Les clauses visant à ajouter une pénalité équivalente à 15% des sommes dues présente un caractère manifestement excessif qu’il revient au tribunal de modérer en fixant cette pénalité à 5% des sommes dues.
En conséquence, M. [H] sera condamné à payer à la société Soho la somme de 184.808,95 euros (176.008,52 euros augmentée de 5%), outre les intérêts au taux légal à compter de la sommation du 17 mars 2022.
Les intérêts échus dus au moins pour une année entière seront capitalisés dans les conditions de l’article 1343-2 du code civil.
Sur les délais de paiement
Aux termes de l’article 1343-5 du code civil, pris en son premier alinéa, le juge peut, compte tenu de la situation du débiteur et en considération des besoins du créancier, reporter ou échelonner, dans la limite de deux années, le paiement des sommes dues.
En l’espèce, M. [H] qui sollicite un échelonnement des paiements sur deux ans et la suspension de l’expulsion pendant ce délai, ne produit aucune pièce au soutien de sa demande.
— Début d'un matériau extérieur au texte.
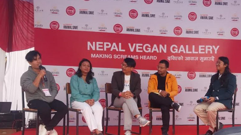 काठमाडौँको बौद्धस्थित उत्पला क्याफेमा शनिवार “सर्वप्राणी करुणा र शाकाहार प्रवर्द्धन” शीर्षकमा कला प्रदर्शनी र सांगितिक कार्यक्रम सम्पन्न भएको छ। नेपाल एनिमल सेभ संस्थाद्वारा विश्व भिगन दिवसको अवसरमा आयोजित कार्यक्रममा देश–विदेशका पशुप्रेमी, कलाकार, र अहिंसा अभियन्ताहरूको उल्लेखनीय सहभागिता रहेको थियो।
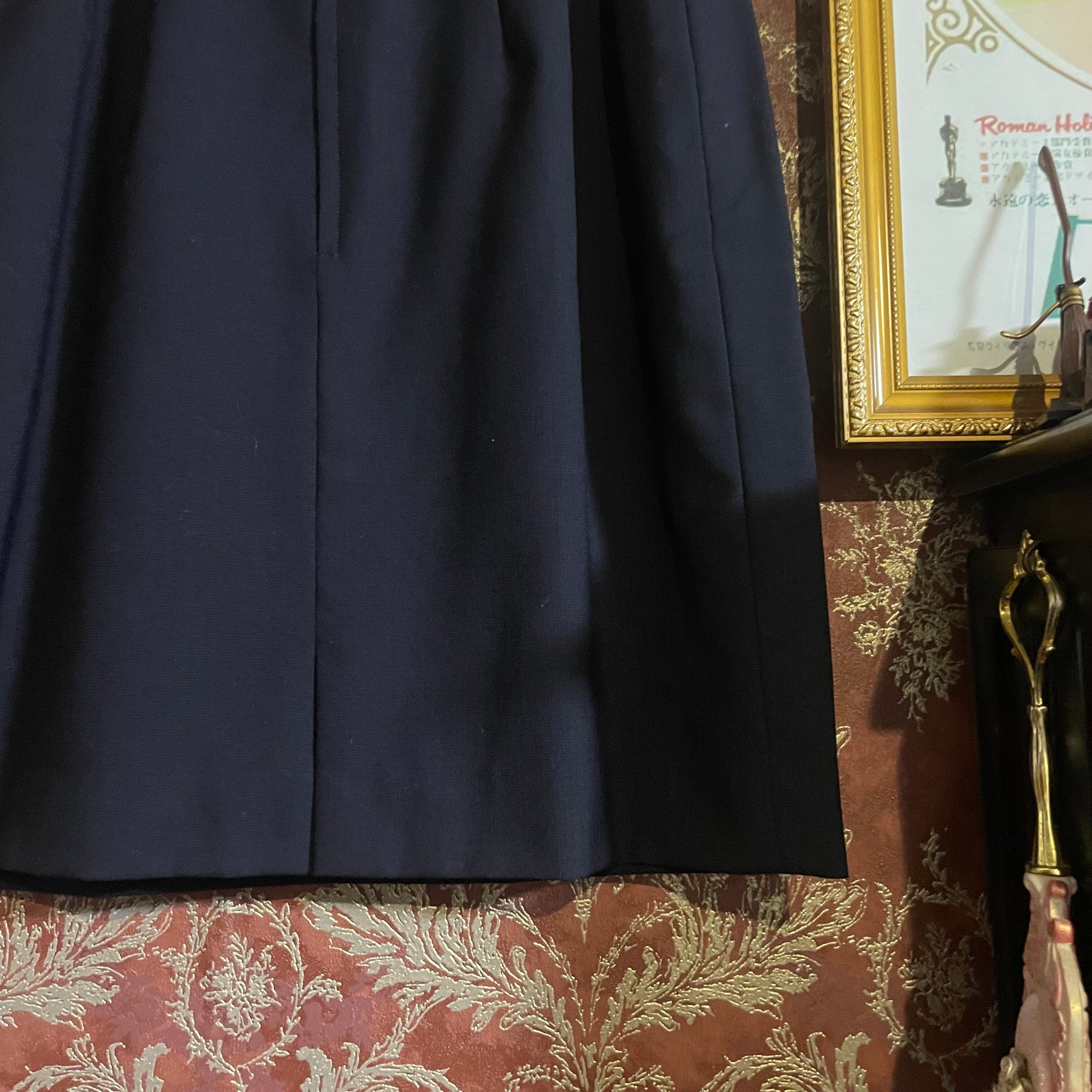 上質な紺色をベースにしたジャケットとスカートのセットで、洗練された印象を演出します。

Le tribunal ne dispose d’aucun élément concernant sa situation actuelle, ni sa capacité de remboursement à l’avenir.
Au regard de l’importance de la dette, de la faiblesse des paiements intervenus jusqu’à présent et de l’absence de justificatifs produits, la demande de délais de paiement de M. [H] sera rejetée.
Sur les autres demandes
M. [H] qui succombe à l’instance sera condamné aux dépens, lesquels comprendront le coût de la sommation de payer en date du 17 mars 2022, en application de l’article 696 du code de procédure civile, avec distraction au profit de Me Hennequin.
Il sera en outre condamné au paiement de la somme de 1 000 euros en application des dispositions de l’article 700 du code de procédure civile.
Il est rappelé que la présente décision est de droit exécutoire à titre provisoire.
*
PAR CES MOTIFS
Le tribunal, statuant publiquement par mise à disposition au greffe, par jugement contradictoire et en premier ressort,
Prononce à compter du présent jugement la résiliation du bail commercial du 16 juillet 2020 liant la SAS La Soho Chapelle International et M. [M] [H] et portant sur les locaux situés [Adresse 1] – [Localité 6],
Dit que M. [M] [H] devra libérer de sa personne et de ses biens ainsi que de tous occupants de son chef, les lieux loués dans un délai d’un mois à compter de la signification du présent jugement,
Faute pour M. [M] [H] de quitter les lieux dans le délai indiqué et celui-ci passé, autorise la SAS La Soho Chapelle International à faire procéder à son expulsion et à celle de tous occupants de son chef des lieux précités, au besoin avec l’assistance de la force publique et d’un serrurier,
Déboute la SAS La Soho Chapelle International de sa demande d’astreinte,
Dit que les meubles et objets meublants se trouvant sur place donneront lieu à l’application des dispositions des articles L. 433-1 et suivants et R. 433-1 et suivants du code des procédures civiles d’exécution,
Condamne M. [M] [H] à payer à la SAS La Soho Chapelle International une indemnité d’occupation d’un montant égal au montant du loyer contractuel, majoré des taxes et charges, à compter de la présente décision jusqu’à la libération des locaux par la remise des clés,
Condamne M. [M] [H] à payer à la SAS La Soho Chapelle International la somme de 184.808,95 euros au titre de son arriéré locatif arrêté au 23 août 2023, 3ème trimestre 2023 inclus, avec intérêts au taux légal à compter du 17 mars 2022, et dit que les intérêts échus dus au moins pour une année entière seront capitalisés dans les conditions de l’article 1343-2 du code civil,
Déboute M. [M] [H] de sa demande d’échelonnement des paiements,
Condamne M. [M] [H] à payer à la SAS La Soho Chapelle International la somme de 1 000 euros en application de l’article 700 du code de procédure civile,
Condamne M. [M] [H] aux dépens, comprenant le coût de la sommation de payer du 17 mars 2022, avec distraction au profit de la SELAS LGH & Associés en la personne de Me Catherine Hennequin,
Rappel que l’exécution provisoire est de droit,
Fait et jugé à Paris le 20 Janvier 2025.